While I’ve never had the opportunity to hear one in person, nearly anyone involved in the world of music is aware of the near-legendary quality of the instruments created by Italian violin maker Antonio Stradivari. It appears that scientists may have narrowed down one intriguing factor in what makes a Stradivarius sound the way it does — it’s all in the wood.
…a tree-ring dating expert at the University of Tennessee and a climatologist at Columbia University offer a new theory — the wood developed special acoustic properties as it was growing because of an extended period of long winters and cool summers.
Grissino-Mayer at Tennessee and Dr. Lloyd Burckle at Columbia suggest a “Little Ice Age” that gripped Europe from the mid-1400s until the mid-1800s slowed tree growth and yielded uncommonly dense Alpine spruce for Antonio Stradivari and other famous 17th century Italian violinmakers.

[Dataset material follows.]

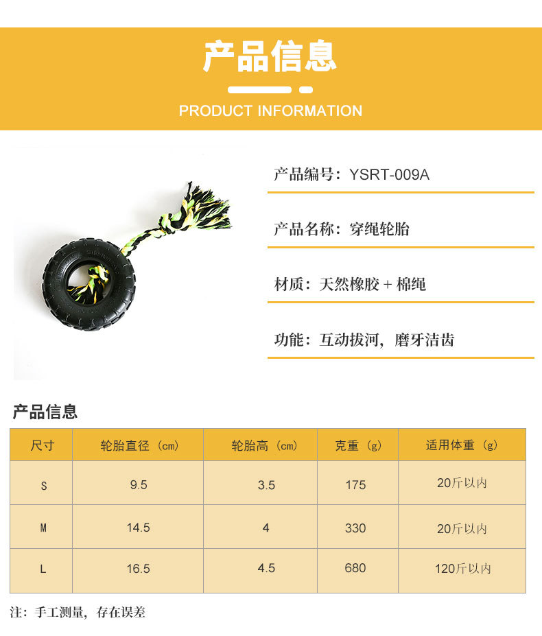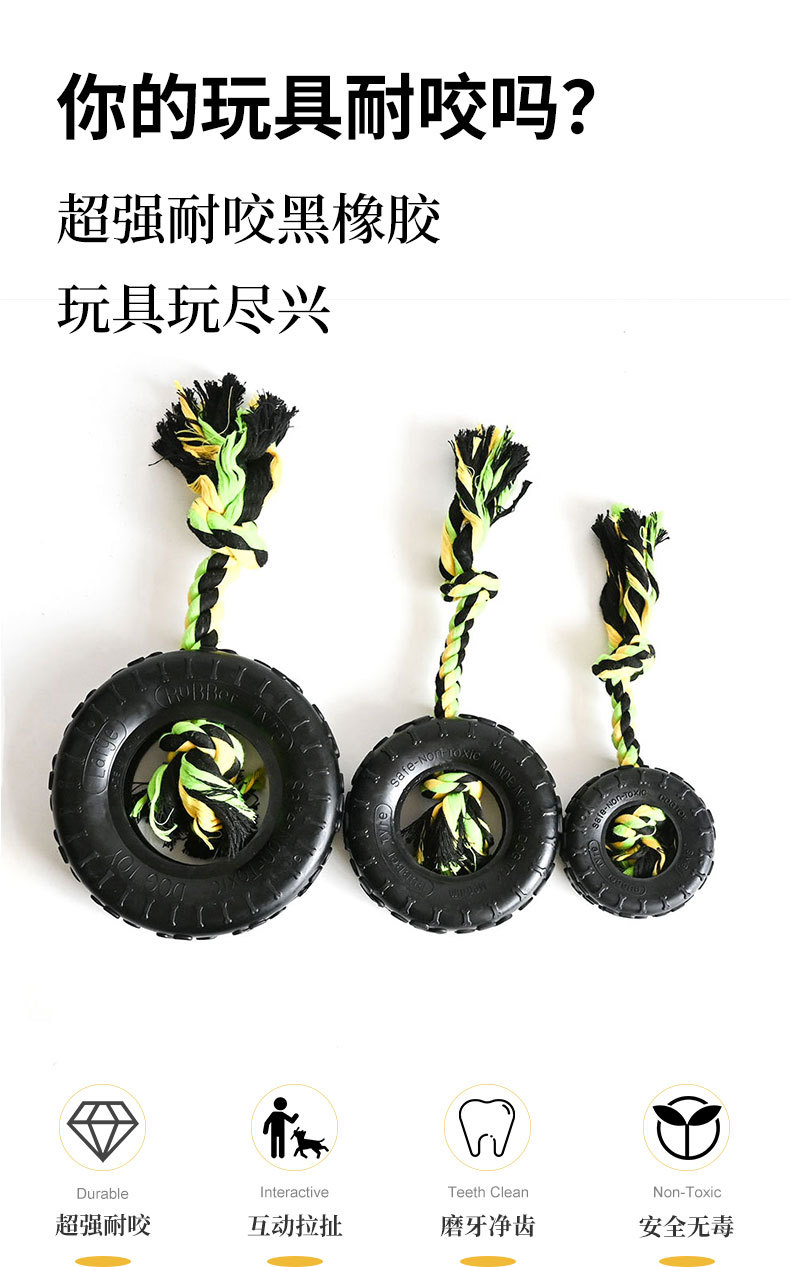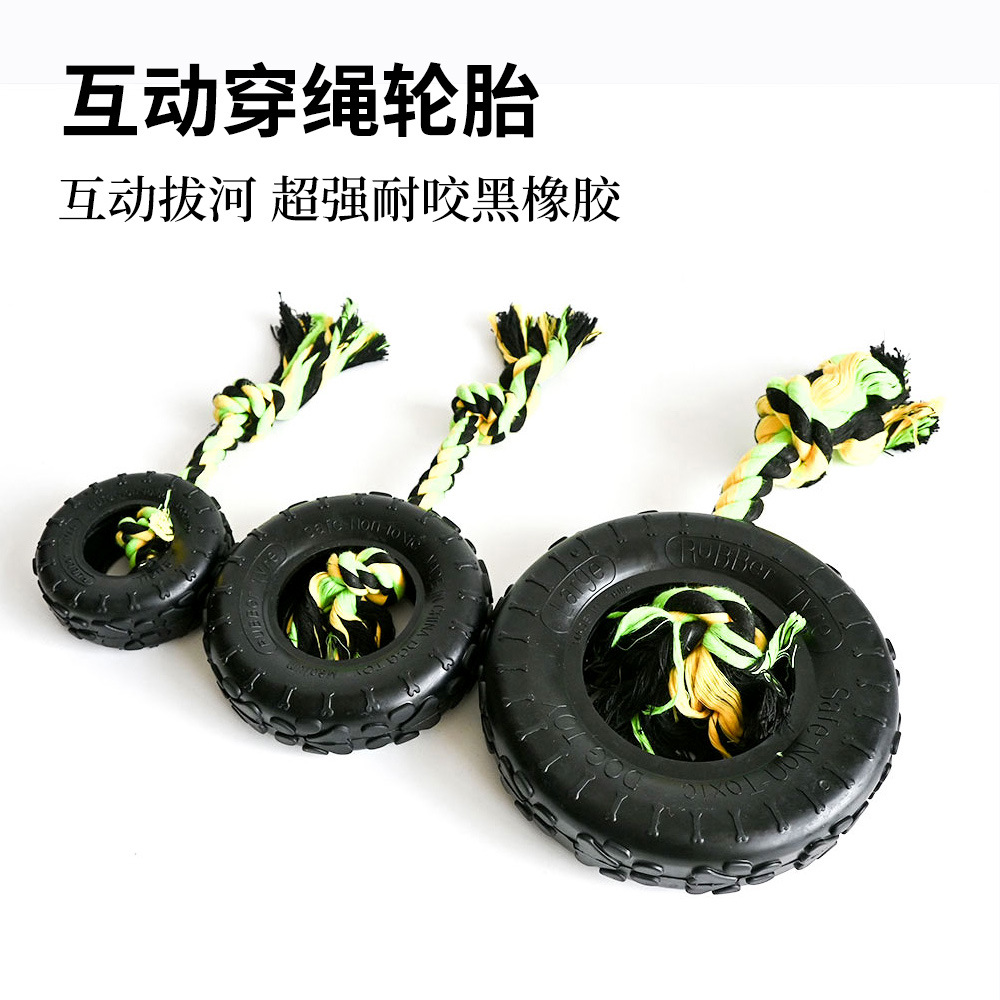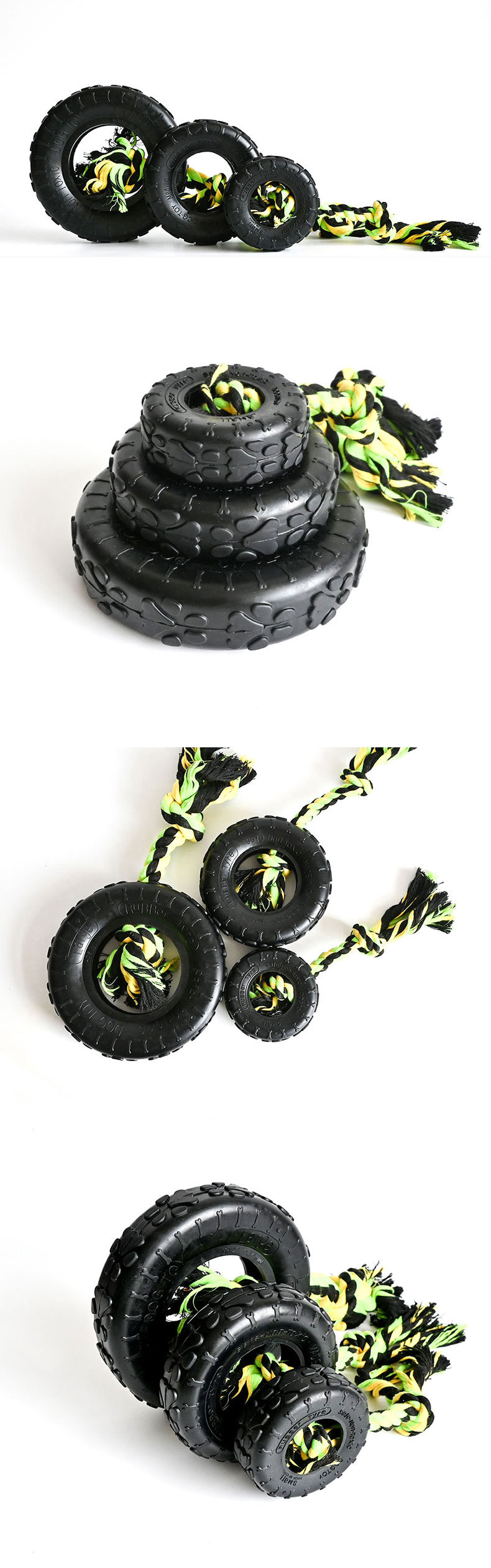 끈으로 묶인 타이어형 초강력 내구성 검정 고무 장난감, 치아 청소용 타이어, 소형, 중형, 대형견용 인터랙티브 줄다리기 면로프스토어 가기

“I think it is very, very interesting, and it seems to me a valid observation,” said Helen Hayes, president of the New York-based Violin Society of America, which hired Grissino-Mayer to examine “The Messiah.”
“But on the other hand, nobody in this field … would ever say that if you put the best wood in the world in the hands of a mediocre maker that you would get a good instrument,” she said. “So it is never a complete explanation. Nor is the varnish nor any of the other things they have talked about. I would dare say there is no one piece of the puzzle.”